Elle referma sa cape autour d'elles, lui insufflant sa propre chaleur, la berçant en chantant doucement jusqu'à ce que ses larmes se tarissent. Quand elle se sentit un peu mieux, elles s'assirent sur le banc rudimentaire, toujours serrées dans l'abri d'étoffe.

— J'ai de bonnes nouvelles, déclara Adesha. Mais d'abord, bois quelques gorgées de ce vin, et mangeons la soupe tant qu'elle est encore chaude. Cela devrait te faire du bien !

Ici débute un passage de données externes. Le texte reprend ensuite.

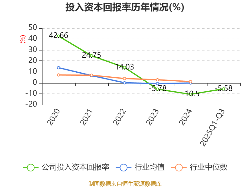 盈利能力方面, 2025年前三季度公司加权平均净资产收益率为-5.35%,同比上升0.62个百分点。公司2025年前三季度投入资本回报率为-5.58%,较上年同期上升1.08个百分点。
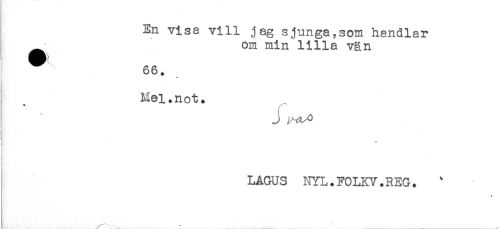 //// En vise vill jag sjunga,som handlar //// om min lilla vän //// * 66. //// Mel.not. //// J //// ! //// LAGUS NYL.FOLKV.REG. ' ////

Tout en parlant, elle déposa sur la pierre plate qui servait de table, un pot en grès, deux bols et deux cuillères de bois et du pain. Tout en savourant le repas, elle expliqua :

— Quand je suis revenue, il y a trois jours et qu'on m'a raconté ce qu'il s'était passé, j'étais furieuse, et je suis allée en parler avec Rama. Elle n'était pas d'accord non plus. Mais tant que personne ne demande son arbitrage, elle attendra. Son rôle n'est pas d'intervenir au moindre différent. Alors, je suis allée trouver chaque famille pour en parler.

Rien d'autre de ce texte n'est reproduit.